> _Exercise instructions_
Please give the lines below again exactly as they stand, from the one that contains "만약 퇴직금을 중간정산을" up to and including the one that contains "ПРОМО-2 големи икони-медна", leaving all pictures out.

> _Supplied records_
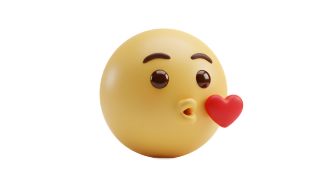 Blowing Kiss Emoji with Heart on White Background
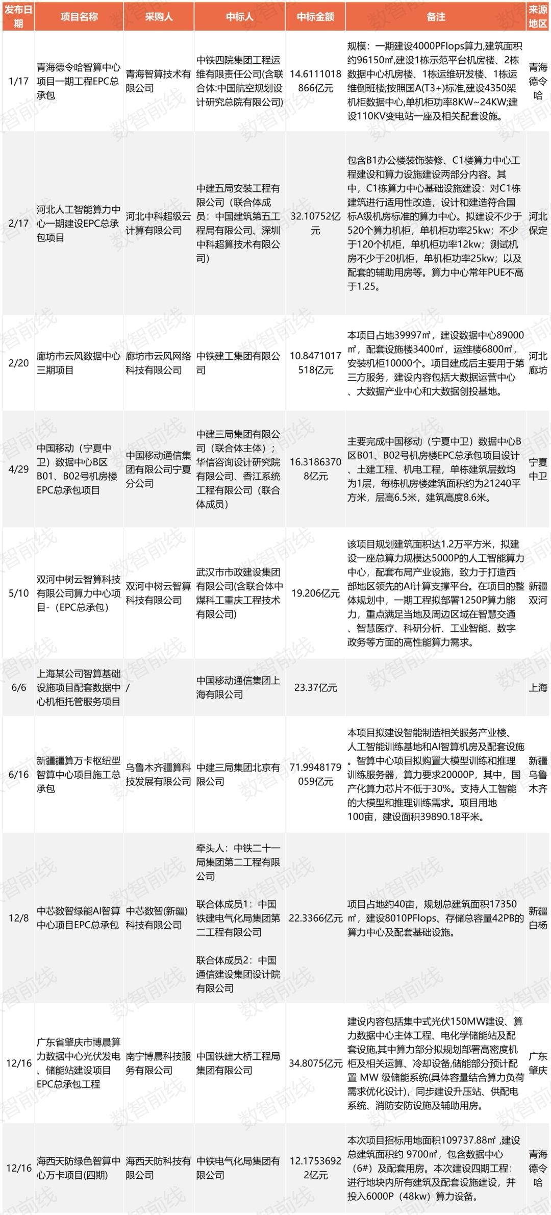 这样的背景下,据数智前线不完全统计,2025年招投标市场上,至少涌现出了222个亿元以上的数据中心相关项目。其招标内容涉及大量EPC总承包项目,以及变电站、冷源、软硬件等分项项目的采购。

...

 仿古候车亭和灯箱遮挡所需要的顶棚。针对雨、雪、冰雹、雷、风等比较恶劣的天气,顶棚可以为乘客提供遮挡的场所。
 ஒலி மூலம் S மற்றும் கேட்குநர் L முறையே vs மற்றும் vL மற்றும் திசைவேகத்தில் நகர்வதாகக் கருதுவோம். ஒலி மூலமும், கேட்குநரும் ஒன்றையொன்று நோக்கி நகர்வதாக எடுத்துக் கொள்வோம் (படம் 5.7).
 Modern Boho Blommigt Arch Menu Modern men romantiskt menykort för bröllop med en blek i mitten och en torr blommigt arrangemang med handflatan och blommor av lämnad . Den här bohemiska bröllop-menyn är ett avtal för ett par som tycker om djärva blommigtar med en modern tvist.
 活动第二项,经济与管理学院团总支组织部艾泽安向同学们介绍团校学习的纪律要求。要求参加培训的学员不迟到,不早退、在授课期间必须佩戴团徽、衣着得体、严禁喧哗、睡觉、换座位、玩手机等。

* * *

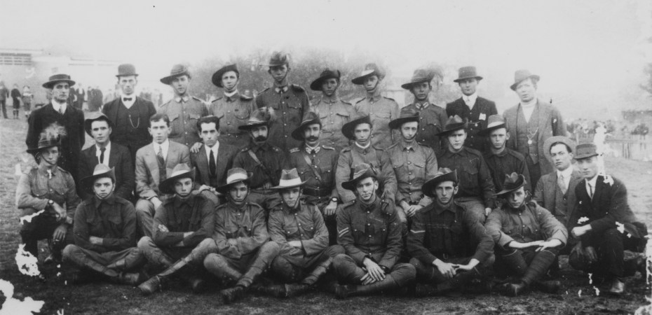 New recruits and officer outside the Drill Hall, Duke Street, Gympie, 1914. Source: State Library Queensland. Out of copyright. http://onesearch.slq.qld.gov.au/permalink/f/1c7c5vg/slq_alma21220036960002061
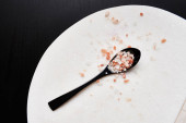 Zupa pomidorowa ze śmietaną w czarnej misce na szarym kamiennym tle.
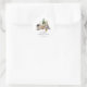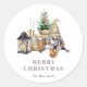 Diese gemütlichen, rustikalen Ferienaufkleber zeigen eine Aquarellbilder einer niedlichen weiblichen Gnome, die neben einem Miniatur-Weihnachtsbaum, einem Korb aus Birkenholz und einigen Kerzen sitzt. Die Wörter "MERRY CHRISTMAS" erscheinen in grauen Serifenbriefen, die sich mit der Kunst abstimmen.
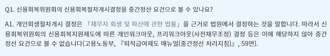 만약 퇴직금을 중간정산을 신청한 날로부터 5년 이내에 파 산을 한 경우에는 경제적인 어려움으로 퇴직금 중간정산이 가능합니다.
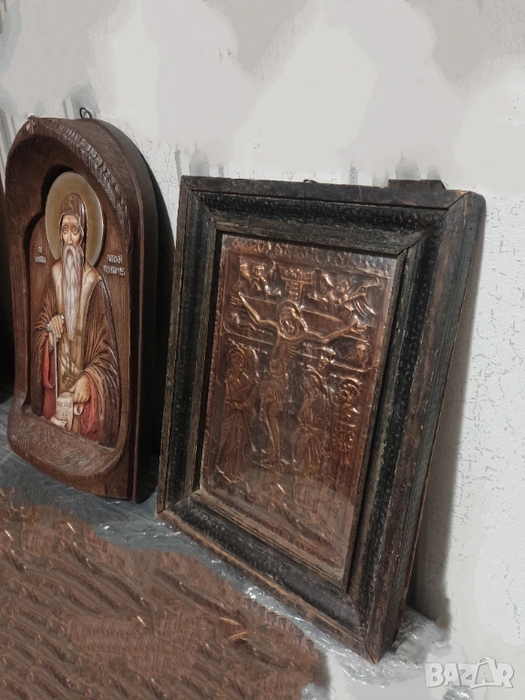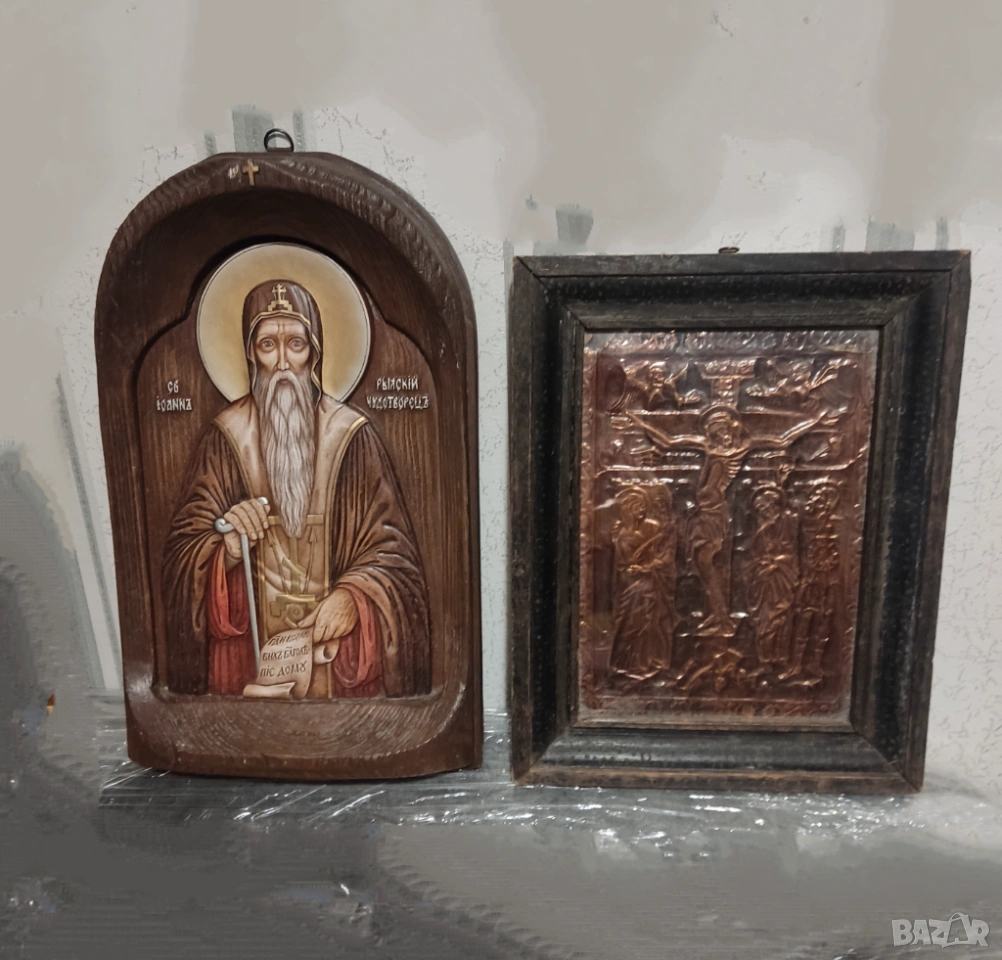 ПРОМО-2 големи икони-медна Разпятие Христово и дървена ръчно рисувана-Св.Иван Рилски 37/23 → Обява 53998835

> _Task answer_
 만약 퇴직금을 중간정산을 신청한 날로부터 5년 이내에 파 산을 한 경우에는 경제적인 어려움으로 퇴직금 중간정산이 가능합니다.
 ПРОМО-2 големи икони-медна Разпятие Христово и дървена ръчно рисувана-Св.Иван Рилски 37/23 → Обява 53998835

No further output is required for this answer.